### PROBLEM TO WORK ON
Output the data that follows, keeping every line identical.

=== PROVIDED DATA ===

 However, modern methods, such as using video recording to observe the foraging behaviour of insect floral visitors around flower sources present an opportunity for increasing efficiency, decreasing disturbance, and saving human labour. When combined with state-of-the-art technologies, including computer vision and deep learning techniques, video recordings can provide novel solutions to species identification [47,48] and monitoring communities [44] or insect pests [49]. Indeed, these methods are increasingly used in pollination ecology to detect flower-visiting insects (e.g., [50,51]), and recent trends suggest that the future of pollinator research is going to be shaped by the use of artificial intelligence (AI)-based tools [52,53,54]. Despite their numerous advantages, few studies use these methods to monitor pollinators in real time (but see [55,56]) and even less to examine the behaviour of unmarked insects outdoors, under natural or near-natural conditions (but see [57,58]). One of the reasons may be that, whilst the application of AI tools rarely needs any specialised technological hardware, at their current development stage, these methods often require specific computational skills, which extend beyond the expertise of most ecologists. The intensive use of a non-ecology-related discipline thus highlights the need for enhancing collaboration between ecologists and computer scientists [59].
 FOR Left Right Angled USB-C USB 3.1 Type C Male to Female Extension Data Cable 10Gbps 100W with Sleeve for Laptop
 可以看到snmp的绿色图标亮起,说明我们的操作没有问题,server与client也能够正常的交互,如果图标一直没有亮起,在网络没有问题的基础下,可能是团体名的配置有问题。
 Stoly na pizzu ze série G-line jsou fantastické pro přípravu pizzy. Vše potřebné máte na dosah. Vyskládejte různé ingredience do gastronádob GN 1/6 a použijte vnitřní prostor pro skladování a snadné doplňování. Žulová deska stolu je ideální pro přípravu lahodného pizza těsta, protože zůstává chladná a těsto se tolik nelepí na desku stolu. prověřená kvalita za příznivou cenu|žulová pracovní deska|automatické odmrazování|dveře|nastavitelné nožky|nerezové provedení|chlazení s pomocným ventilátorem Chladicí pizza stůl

===

### EXERCISE RESPONSE
 However, modern methods, such as using video recording to observe the foraging behaviour of insect floral visitors around flower sources present an opportunity for increasing efficiency, decreasing disturbance, and saving human labour. When combined with state-of-the-art technologies, including computer vision and deep learning techniques, video recordings can provide novel solutions to species identification [47,48] and monitoring communities [44] or insect pests [49]. Indeed, these methods are increasingly used in pollination ecology to detect flower-visiting insects (e.g., [50,51]), and recent trends suggest that the future of pollinator research is going to be shaped by the use of artificial intelligence (AI)-based tools [52,53,54]. Despite their numerous advantages, few studies use these methods to monitor pollinators in real time (but see [55,56]) and even less to examine the behaviour of unmarked insects outdoors, under natural or near-natural conditions (but see [57,58]). One of the reasons may be that, whilst the application of AI tools rarely needs any specialised technological hardware, at their current development stage, these methods often require specific computational skills, which extend beyond the expertise of most ecologists. The intensive use of a non-ecology-related discipline thus highlights the need for enhancing collaboration between ecologists and computer scientists [59].
 FOR Left Right Angled USB-C USB 3.1 Type C Male to Female Extension Data Cable 10Gbps 100W with Sleeve for Laptop
 可以看到snmp的绿色图标亮起,说明我们的操作没有问题,server与client也能够正常的交互,如果图标一直没有亮起,在网络没有问题的基础下,可能是团体名的配置有问题。
 Stoly na pizzu ze série G-line jsou fantastické pro přípravu pizzy. Vše potřebné máte na dosah. Vyskládejte různé ingredience do gastronádob GN 1/6 a použijte vnitřní prostor pro skladování a snadné doplňování. Žulová deska stolu je ideální pro přípravu lahodného pizza těsta, protože zůstává chladná a těsto se tolik nelepí na desku stolu. prověřená kvalita za příznivou cenu|žulová pracovní deska|automatické odmrazování|dveře|nastavitelné nožky|nerezové provedení|chlazení s pomocným ventilátorem Chladicí pizza stůl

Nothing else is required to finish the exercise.